BTW - If you watch Google closely you will see that it will return pages that do not match the search terms.  This isn't caused by keyword spamming or other techniques but instead by Google's ability to "guess" at the intent of the search by using historical data that has been cultivated to improve searches.  So it is possible to have a page that is missing major search terms and yet still show up in the index.

You need to realize that there are no absolutes in SERP because each result returned is keyed to the relevance of the search terms, trust in the index and other factors so a prime search can yield pages in the previous named "yellow band" but it occurs because the value of the page is combined with many other factors that eventually result in a result set being returned.

All things being equal, a prime search will prefer to return rows from the primary result set but it can be outranked by other factors.  That having been said, a sub-prime search can be seen to return rows from the primary result set as well.  The entire process is much like a man walking a tight rope.  There are always adjustments being made in an effort to find the happy medium.

Either way a sub-prime query, while it may return results in and out of the primary index, is undesirable because to be effective it demands a level of specificity that a typical user will not know or even want to know.

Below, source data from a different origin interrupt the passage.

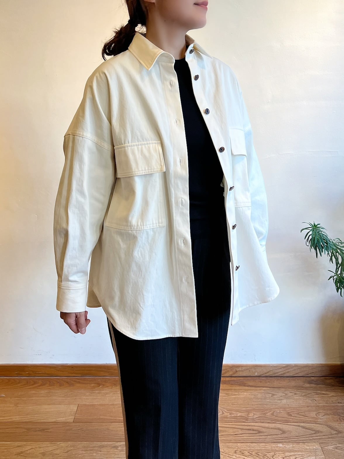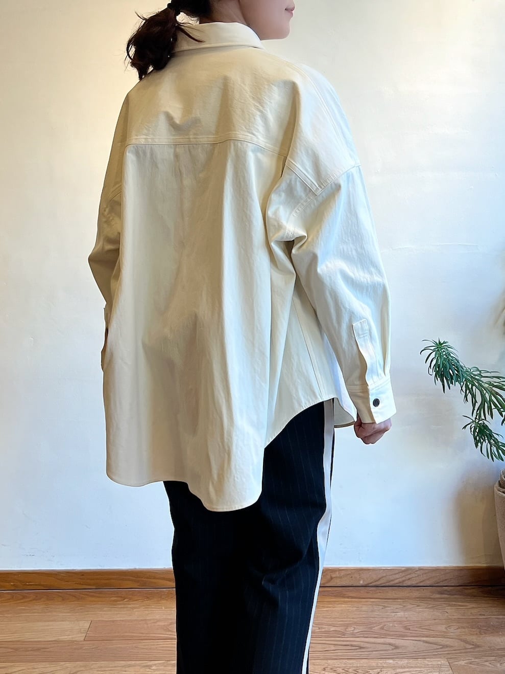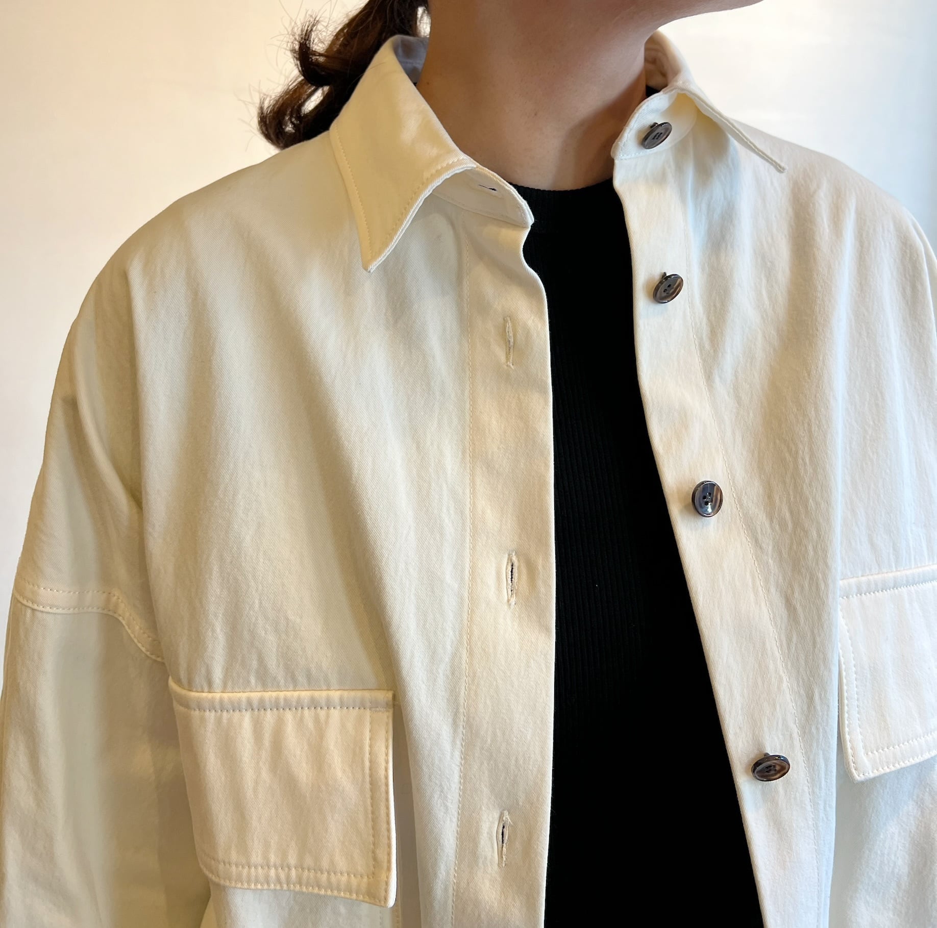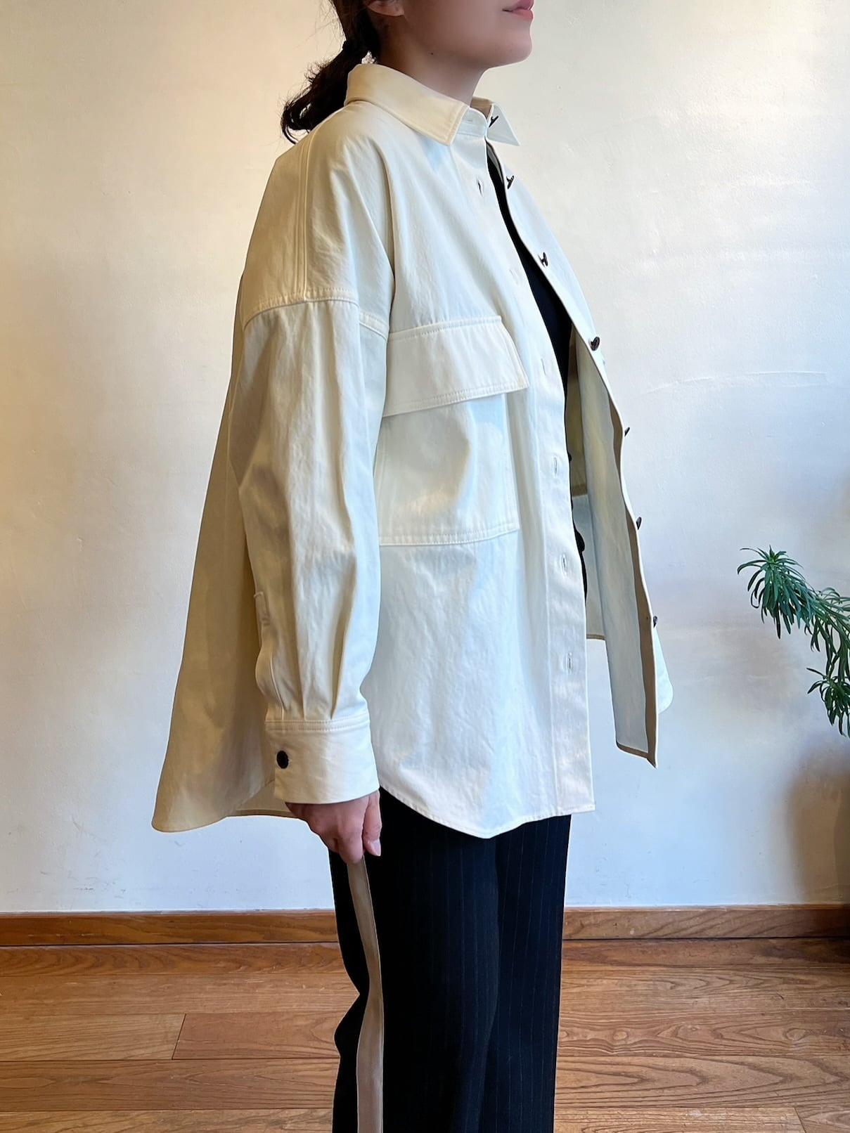 ハリのある素材感を活かしたオーバーシルエットが大人なこなれ感を演出してくれます。軽いアウター感覚のシャツジャケットは羽織りとして長く活躍する一着です。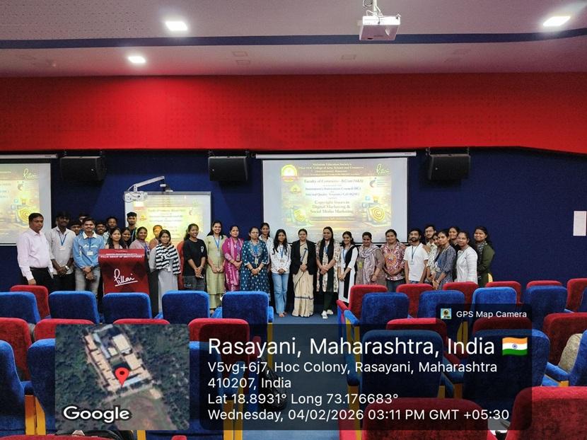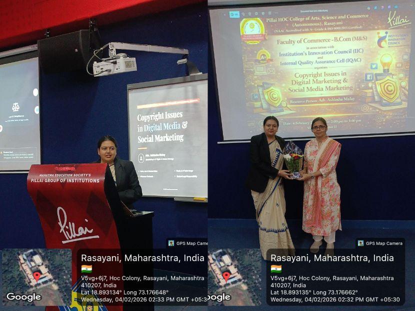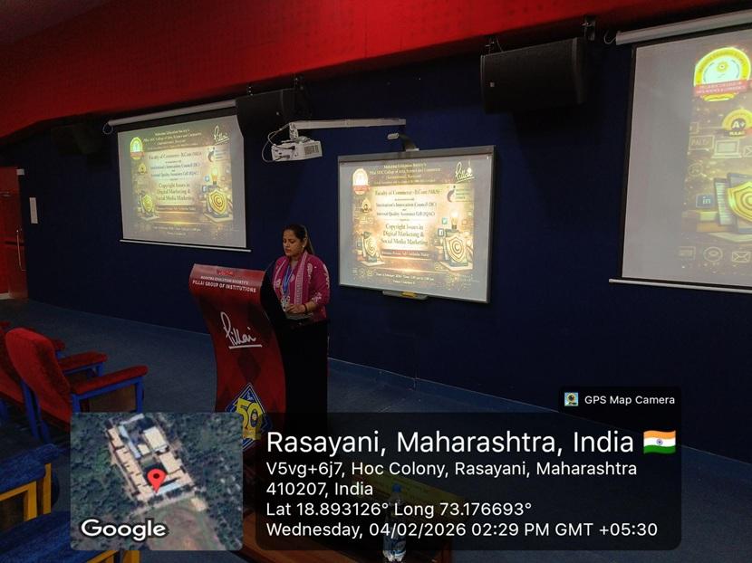 The Program of B.com MS in collaboration with IQAC and IIC of Pillai HOC College of Arts Science and Commerce (Autonomous),Rasayani. conducted an IPR (Intellectual Property rights) Session on the topic “Copyrights Issues in Digital Media and Social Media Marketing ” on 04th February 2026. The session was conducted by Adv.Ashlesha Muley who is an LLM holder and an advisor gave more detailed information how copyrights are infringed and how we can save ourselves from being trapped into any case. The session also provided valuable information regarding some real time examples and also from where we can avail few free sources to download and enjoy the content. The event aimed to enhance skills and knowledge among participants, and it was well-received by all attendees.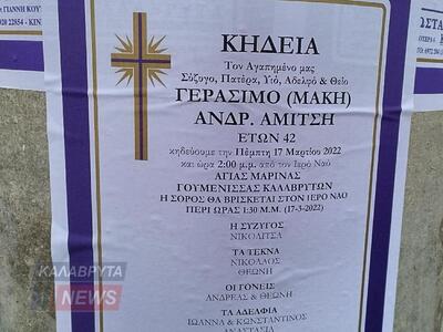 Έφυγε ξαφνικά από τη ζωή στα 42 χρόνια του ο Γεράσιμος Αμίτσης βυθίζοντας στο πένθος τα Καλάβρυτα. Ο εκλιπών ήταν πατέρας δύο ανήλικων παιδιών, από την Γουμένισσα Καλαβρύτων. Ήταν ένας αγαπητός σε όλους νέος και ο θανατός του προξένησε μεγάλη θλίψη. Η κηδεία του θα τελεστεί στον Ιερό Ναό Αγίας Μαρίνας Γουμένισσας σήμερα Πέμπτη 17 Μαρτίου στις 13:30.

One of my favorite examples of sub-prime is trying to find song lyrics.  Try to find the David Bowie song "Changes" without resorting to sub-prime methods - given that you are searching by lyrics because you don't know the artist.  You can do it but you will see that it will be buried amongst many other pages with similar terms.  The words "changes, turn and face the stranger" would appear on millions of pages and odds are 90% are completely irrelevant and I don't know about you but I would not be interested in evaluating 900,000 rows to find that needle in the vinyl haystack.  Turn that search into a classic sub-prime and it will be much more accurate in the returned rows but it demands that I have more data at hand than may be feasible.  This example of sub-prime is also for illustration and the rows returned would likely be prime but we would need to use sub-prime methods to locate them.

So in a round robin fashion I will answer this question:

Is it better to have a larger percentage of your website pages in the primary index?

The answer... Drum roll please....

If you had identical content and setting aside trust, PageRank and other factors - the site with a higher PIP will usually win because the pages in question are likely part of the green band and considered more desirable. 

But this sets aside the premise (and my belief) that content itself will have the last word in search results because a highly optimized site about the existence of gnats in the canals on Mars and their desire to eat really good Chinese food will probably not get much traffic.

9:49pm • #54

" There is no "secondary index" "

 Ok so we have one saying there is not secondary or supplemental index.

 "So being in the supplemental index"

And then we have another school of thought that says there is one.

I have greatly enjoyed the reading thus far, but would love to find a definitive answer.  From what I have searched there seems to be a supplemental index or what  one would call supplemental search results.

There seem to be several credible sources talking on this, but how credible?  I can't say as I don't know all the players, but I would love to get to the bottom of it. 

Jacob Reynolds
9:58pm • #55

This is a separate comment because it is off topic but I have seen this asked somewhere else and it applies to PIP.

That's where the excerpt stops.